↓

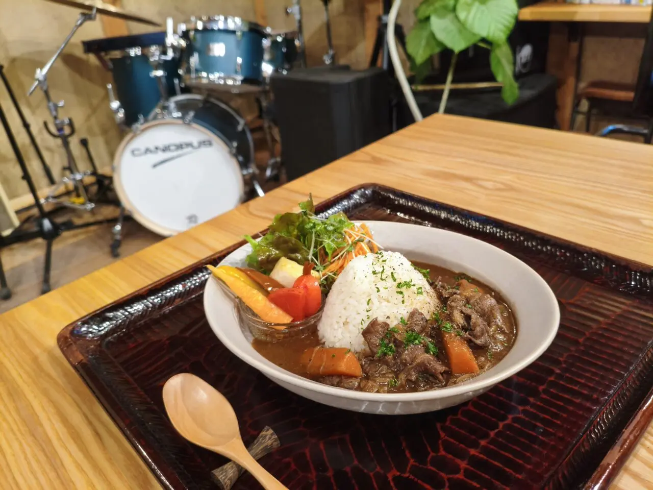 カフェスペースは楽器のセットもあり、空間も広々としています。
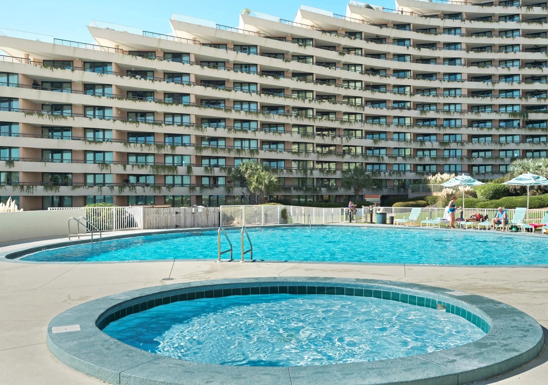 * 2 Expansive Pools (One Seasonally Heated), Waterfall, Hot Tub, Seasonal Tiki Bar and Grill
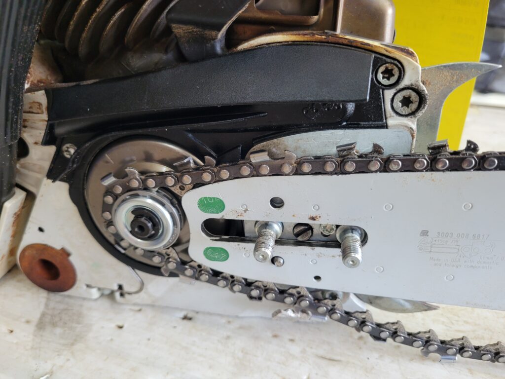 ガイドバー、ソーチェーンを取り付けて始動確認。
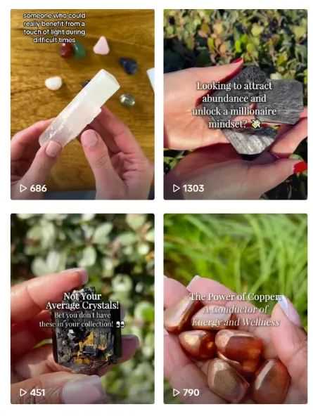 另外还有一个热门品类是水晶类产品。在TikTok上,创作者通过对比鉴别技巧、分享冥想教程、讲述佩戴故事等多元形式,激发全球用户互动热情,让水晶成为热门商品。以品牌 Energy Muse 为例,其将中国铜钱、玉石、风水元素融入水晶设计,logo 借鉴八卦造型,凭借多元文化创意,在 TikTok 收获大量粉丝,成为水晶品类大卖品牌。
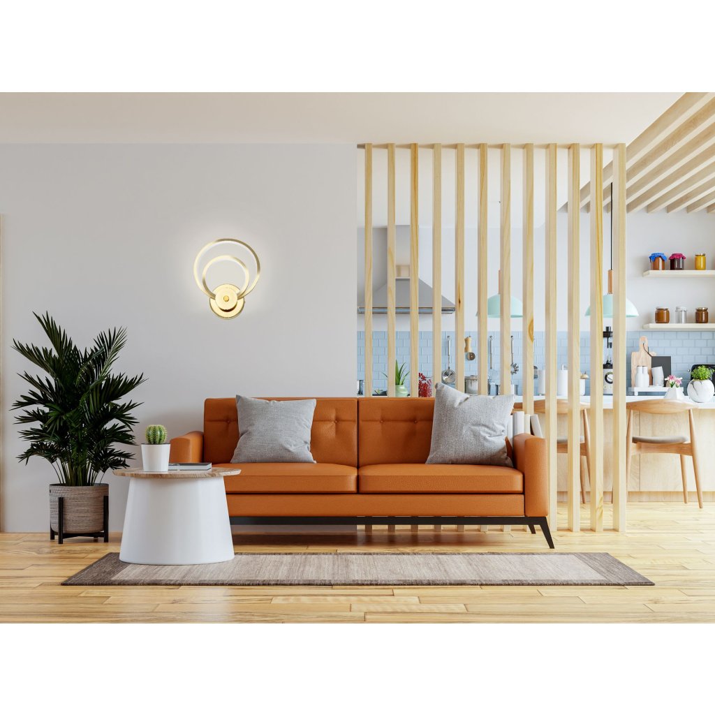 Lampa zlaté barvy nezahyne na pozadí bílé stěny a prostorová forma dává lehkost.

↑

**YOUR TASK**:
Without any of the pictures, repeat the entries above word for word.

**PROBLEM SOLUTION**:
 カフェスペースは楽器のセットもあり、空間も広々としています。
 * 2 Expansive Pools (One Seasonally Heated), Waterfall, Hot Tub, Seasonal Tiki Bar and Grill
 ガイドバー、ソーチェーンを取り付けて始動確認。
 另外还有一个热门品类是水晶类产品。在TikTok上,创作者通过对比鉴别技巧、分享冥想教程、讲述佩戴故事等多元形式,激发全球用户互动热情,让水晶成为热门商品。以品牌 Energy Muse 为例,其将中国铜钱、玉石、风水元素融入水晶设计,logo 借鉴八卦造型,凭借多元文化创意,在 TikTok 收获大量粉丝,成为水晶品类大卖品牌。
 Lampa zlaté barvy nezahyne na pozadí bílé stěny a prostorová forma dává lehkost.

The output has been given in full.